There is material below. Print exactly the lines starting at the line with "4、调节美颜、磨皮和修图的数" and ending at the line with "上午9时,庄严的《义勇军进行", ends included, and no others.
*** Information shown
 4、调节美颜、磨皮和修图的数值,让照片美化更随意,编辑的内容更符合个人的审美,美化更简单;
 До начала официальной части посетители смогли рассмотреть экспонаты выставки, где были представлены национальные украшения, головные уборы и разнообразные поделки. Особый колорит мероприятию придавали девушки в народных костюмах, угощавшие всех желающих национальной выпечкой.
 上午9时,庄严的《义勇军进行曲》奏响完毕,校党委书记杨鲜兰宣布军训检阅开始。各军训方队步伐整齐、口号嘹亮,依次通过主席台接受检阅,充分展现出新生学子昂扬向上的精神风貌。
******
*** Information shown
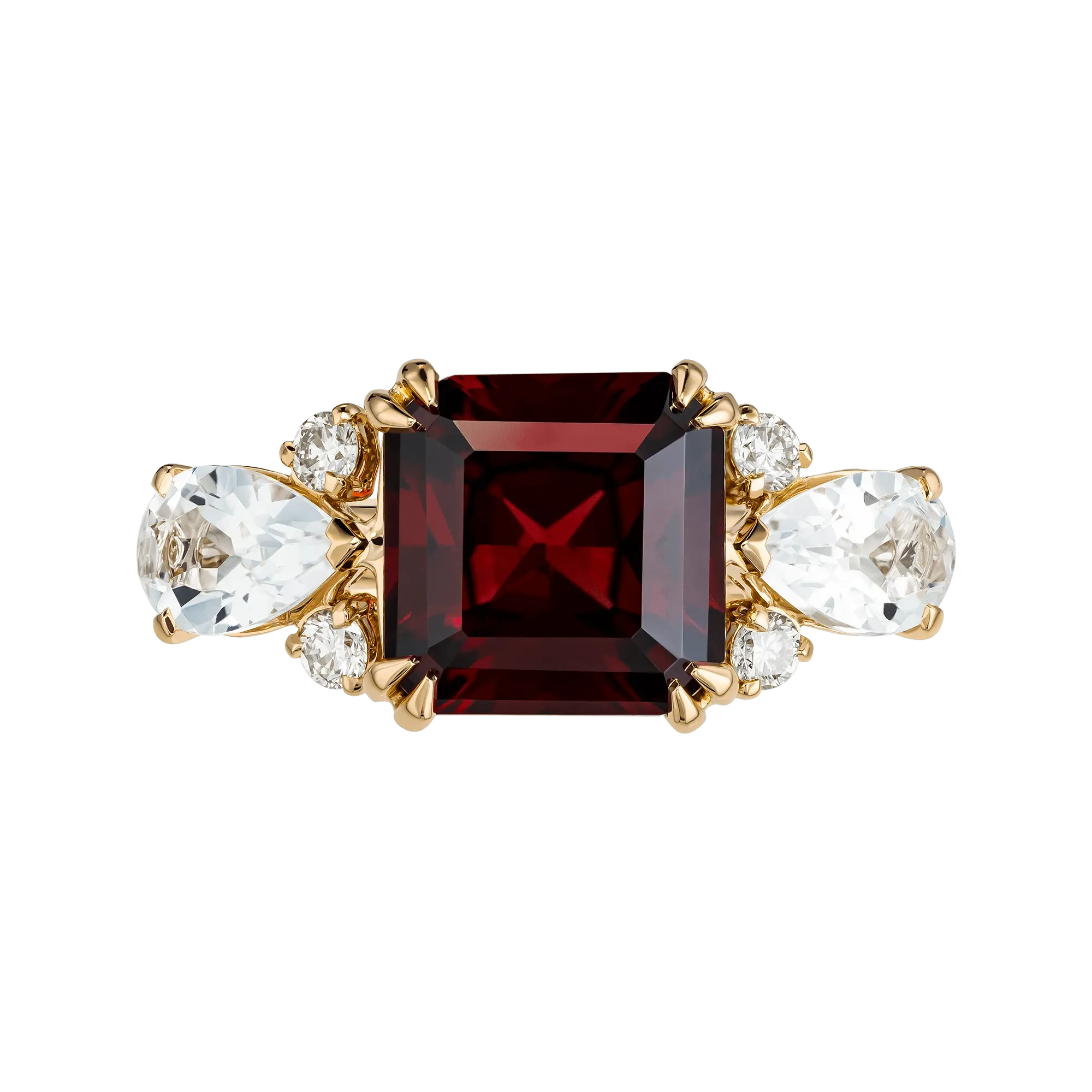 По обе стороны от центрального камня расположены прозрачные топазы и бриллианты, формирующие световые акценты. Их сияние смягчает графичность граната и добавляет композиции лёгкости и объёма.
******
*** Information shown
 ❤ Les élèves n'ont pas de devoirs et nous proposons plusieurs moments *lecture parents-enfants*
******
__Solution to this task__:
 4、调节美颜、磨皮和修图的数值,让照片美化更随意,编辑的内容更符合个人的审美,美化更简单;
 До начала официальной части посетители смогли рассмотреть экспонаты выставки, где были представлены национальные украшения, головные уборы и разнообразные поделки. Особый колорит мероприятию придавали девушки в народных костюмах, угощавшие всех желающих национальной выпечкой.
 上午9时,庄严的《义勇军进行曲》奏响完毕,校党委书记杨鲜兰宣布军训检阅开始。各军训方队步伐整齐、口号嘹亮,依次通过主席台接受检阅,充分展现出新生学子昂扬向上的精神风貌。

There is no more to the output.